» **Description of the task**
Return the data below in full, matching every line exactly.

(Data for the task Opens)

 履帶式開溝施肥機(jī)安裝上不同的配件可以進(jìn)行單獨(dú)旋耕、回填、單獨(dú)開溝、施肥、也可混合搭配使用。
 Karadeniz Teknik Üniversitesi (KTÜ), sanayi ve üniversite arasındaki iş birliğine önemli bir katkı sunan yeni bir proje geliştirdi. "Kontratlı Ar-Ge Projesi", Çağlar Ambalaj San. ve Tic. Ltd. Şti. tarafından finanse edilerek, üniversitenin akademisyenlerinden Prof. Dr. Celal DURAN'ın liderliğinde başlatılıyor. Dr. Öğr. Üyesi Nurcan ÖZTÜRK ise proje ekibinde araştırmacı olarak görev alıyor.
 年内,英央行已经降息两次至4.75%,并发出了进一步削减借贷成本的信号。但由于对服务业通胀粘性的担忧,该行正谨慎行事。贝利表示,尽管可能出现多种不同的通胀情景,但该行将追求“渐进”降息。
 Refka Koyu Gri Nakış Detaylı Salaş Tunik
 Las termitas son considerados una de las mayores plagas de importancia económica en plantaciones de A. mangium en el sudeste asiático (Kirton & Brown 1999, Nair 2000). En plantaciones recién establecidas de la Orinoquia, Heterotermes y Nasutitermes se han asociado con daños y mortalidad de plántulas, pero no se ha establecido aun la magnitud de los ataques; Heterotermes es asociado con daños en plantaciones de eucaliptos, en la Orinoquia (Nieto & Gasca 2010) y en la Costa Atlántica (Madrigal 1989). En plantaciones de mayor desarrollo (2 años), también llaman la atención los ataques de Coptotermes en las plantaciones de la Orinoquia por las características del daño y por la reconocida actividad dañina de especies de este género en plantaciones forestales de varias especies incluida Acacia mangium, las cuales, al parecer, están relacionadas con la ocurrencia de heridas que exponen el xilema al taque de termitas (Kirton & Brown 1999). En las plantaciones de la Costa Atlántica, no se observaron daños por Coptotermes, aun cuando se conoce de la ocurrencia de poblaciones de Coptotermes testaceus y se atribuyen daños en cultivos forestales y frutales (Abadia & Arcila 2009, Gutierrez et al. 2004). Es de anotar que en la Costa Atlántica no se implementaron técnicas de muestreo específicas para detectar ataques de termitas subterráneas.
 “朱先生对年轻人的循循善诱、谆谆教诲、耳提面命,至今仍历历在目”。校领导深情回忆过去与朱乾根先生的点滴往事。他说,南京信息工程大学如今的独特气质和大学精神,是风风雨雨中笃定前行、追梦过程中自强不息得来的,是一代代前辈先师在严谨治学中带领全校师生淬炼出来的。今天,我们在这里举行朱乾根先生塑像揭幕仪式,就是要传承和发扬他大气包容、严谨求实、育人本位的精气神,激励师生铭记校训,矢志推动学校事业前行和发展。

(Data for the task Closes)

» **Result for this task**
 履帶式開溝施肥機(jī)安裝上不同的配件可以進(jìn)行單獨(dú)旋耕、回填、單獨(dú)開溝、施肥、也可混合搭配使用。
 Karadeniz Teknik Üniversitesi (KTÜ), sanayi ve üniversite arasındaki iş birliğine önemli bir katkı sunan yeni bir proje geliştirdi. "Kontratlı Ar-Ge Projesi", Çağlar Ambalaj San. ve Tic. Ltd. Şti. tarafından finanse edilerek, üniversitenin akademisyenlerinden Prof. Dr. Celal DURAN'ın liderliğinde başlatılıyor. Dr. Öğr. Üyesi Nurcan ÖZTÜRK ise proje ekibinde araştırmacı olarak görev alıyor.
 年内,英央行已经降息两次至4.75%,并发出了进一步削减借贷成本的信号。但由于对服务业通胀粘性的担忧,该行正谨慎行事。贝利表示,尽管可能出现多种不同的通胀情景,但该行将追求“渐进”降息。
 Refka Koyu Gri Nakış Detaylı Salaş Tunik
 Las termitas son considerados una de las mayores plagas de importancia económica en plantaciones de A. mangium en el sudeste asiático (Kirton & Brown 1999, Nair 2000). En plantaciones recién establecidas de la Orinoquia, Heterotermes y Nasutitermes se han asociado con daños y mortalidad de plántulas, pero no se ha establecido aun la magnitud de los ataques; Heterotermes es asociado con daños en plantaciones de eucaliptos, en la Orinoquia (Nieto & Gasca 2010) y en la Costa Atlántica (Madrigal 1989). En plantaciones de mayor desarrollo (2 años), también llaman la atención los ataques de Coptotermes en las plantaciones de la Orinoquia por las características del daño y por la reconocida actividad dañina de especies de este género en plantaciones forestales de varias especies incluida Acacia mangium, las cuales, al parecer, están relacionadas con la ocurrencia de heridas que exponen el xilema al taque de termitas (Kirton & Brown 1999). En las plantaciones de la Costa Atlántica, no se observaron daños por Coptotermes, aun cuando se conoce de la ocurrencia de poblaciones de Coptotermes testaceus y se atribuyen daños en cultivos forestales y frutales (Abadia & Arcila 2009, Gutierrez et al. 2004). Es de anotar que en la Costa Atlántica no se implementaron técnicas de muestreo específicas para detectar ataques de termitas subterráneas.
 “朱先生对年轻人的循循善诱、谆谆教诲、耳提面命,至今仍历历在目”。校领导深情回忆过去与朱乾根先生的点滴往事。他说,南京信息工程大学如今的独特气质和大学精神,是风风雨雨中笃定前行、追梦过程中自强不息得来的,是一代代前辈先师在严谨治学中带领全校师生淬炼出来的。今天,我们在这里举行朱乾根先生塑像揭幕仪式,就是要传承和发扬他大气包容、严谨求实、育人本位的精气神,激励师生铭记校训,矢志推动学校事业前行和发展。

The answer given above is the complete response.